Jackson leaned over and whispered again into Tage’s ear, “So, he approved that the RC could hear his own case?”
“Pardon me, again, Sir Ludvig,” Tage stated firmly and cooly, “so he, Krog, Prince and Queen’s Consort, Lord Krog approved the RC to hear his own case?”
“It is irregular, Crown Prince, yes, we of the RC know that, however, yes, there is precedent, and we have accepted it and so notified you as the representative of the Royal House to be present.”Tage lowered his hand and nodded feeling like he had been subjected to some legal sleight of hand trickery.
“Let the proceeding officially begin,” Ludvig said.
“There’s little to argue, at this point,” Gustav blustered, “if I may approach the bench with some evidence.” Ludvig motioned him forward, and he started to walk toward the bench. Along the way, he veered off course to intentionally circle past the box of the heir apparent.
“In this report and DNA sample attached, is incontrovertible proof that, indeed, the former Duke Krog and current Prince and Queen’s Consort is, in fact, the biological father of the Crown Prince and heir apparent, Tage Winter Leif Westergaard.” A hushed tone overtook the entire room with no one being able to believe their ears especially, Tage whose loathing of Krog was, by now, relatively well-known throughout the realm, especially among royals no matter how distant.

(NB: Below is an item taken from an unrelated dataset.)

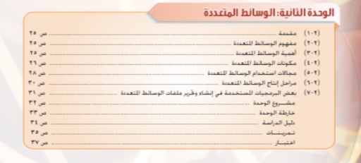 تتحدث الوحدة الثانية عن الوسائط المتعددة ومفهومها ومجالات استخدامها

Moments later, after witnessing himself the RC accept the evidence and verify the authenticity, Tage’s mind suddenly got cloudy. He could not believe that even some small part of this evil being’s blood ran in his veins. How could this person be his mystery biological sperm cell donor? He wondered how or why his mothers had hidden this vile fact from him, yet , perhaps that was exactly why — they wanted not for him to ever discover he was the direct descendent of such a heinous, spiteful, vengeful, and disgusting human being.

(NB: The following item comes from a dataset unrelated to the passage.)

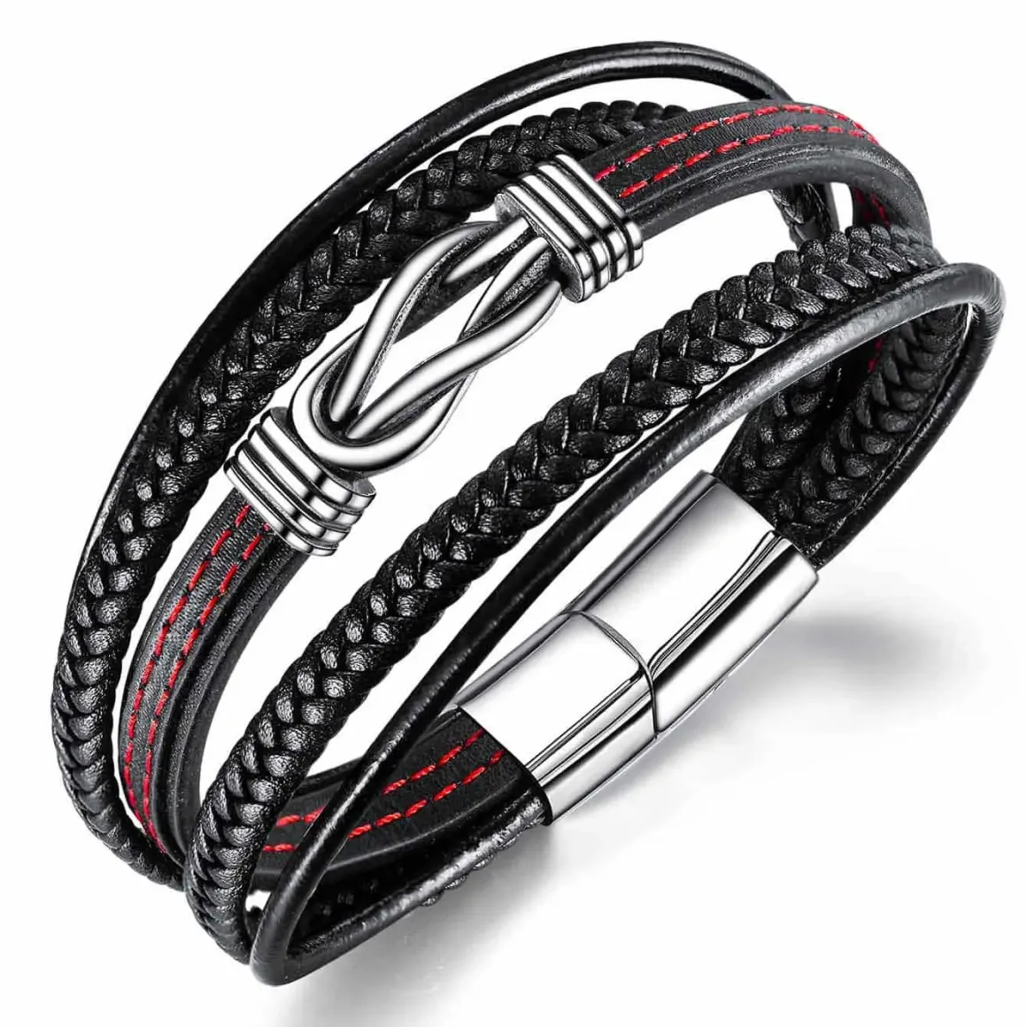 Få en fed og moderne stil med vores Fiberlæder armbånd med røde stik og rustfrit stål.

Because of this, he heard not the next requests nor the rulings of the court, everything was blurred, and his heart was even racing faster than his mind. While he sat strong, it was clear he was suddenly unwell. Jackson whispered in his ear, “It will be alright. This will impact nothing in the short or long run. I’m positive of it, Crown Prince.” At this exact moment, a grassy knoll enclave not far from the Royal Palace hidden underground with an entrance along the river bed was being ransacked, destroyed, burned out, and buried once and for all. Along with it, went any evidence of the planning, plotting, and eventual poisoning of Queen Tuva plus circumstantial evidence of a plot against her Princess and Royal Consort in the years prior.